As mentioned previously, strings are interned. As well as saving a ton of memory when keys are repeated many times in arrays of objects, this also makes it trivial to store a string with a single pointer, we just set the pointer to the location of the interned string.

We also use a similar trick as for numbers to store the empty string more cheaply: we just declare a static variable to be the empty string, and use pointers to that.


This works just like a Vec, but we reserve extra space at the beginning of the allocation to store the length and capacity.

We again use the static variable optimization so that the empty Vec does not require an allocation.


Same idea as the IArray and the same static variable optimization.

Internally we actually store two arrays in the allocation: the first is a simple array of IValues and the second is the hash-table itself. The hash table just stored indices into the first array.

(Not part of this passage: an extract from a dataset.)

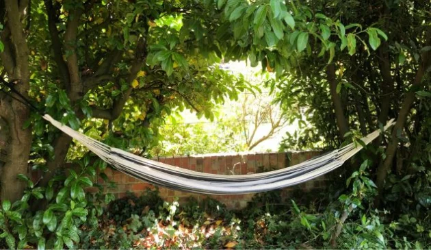 If you’re not a hammock aficionado (and you've already learned the hard way not to use too-skinny branches) then getting in is a bit nerve-wracking. Go slowly and take my word for it: as long as you choose thick, sturdy branches you can trust the hammock and straps to do their job. It’s worth installing it a bit higher up than seems necessary too, as it dips quite a lot with someone lying in it and you don’t really want your bum grazing the ground. There are detailed height instructions in the information booklet, so do refer to these before you set it up to ensure a safe hammock experience.

This simplifies the hash table implementation whilst also allowing us to preserve the insertion order and makes iteration very cheap (since we don't need to skip over empty entries).

New values are always pushed onto the end of the array before their index is inserted into the hash table. Removed values are first swapped to the end of the array (see Vec::swap_remove) so that removals are still constant time.

The hash values are not stored, since the keys (IStrings) are interned and so the hash function can be a very fast operation that only looks at the pointer value.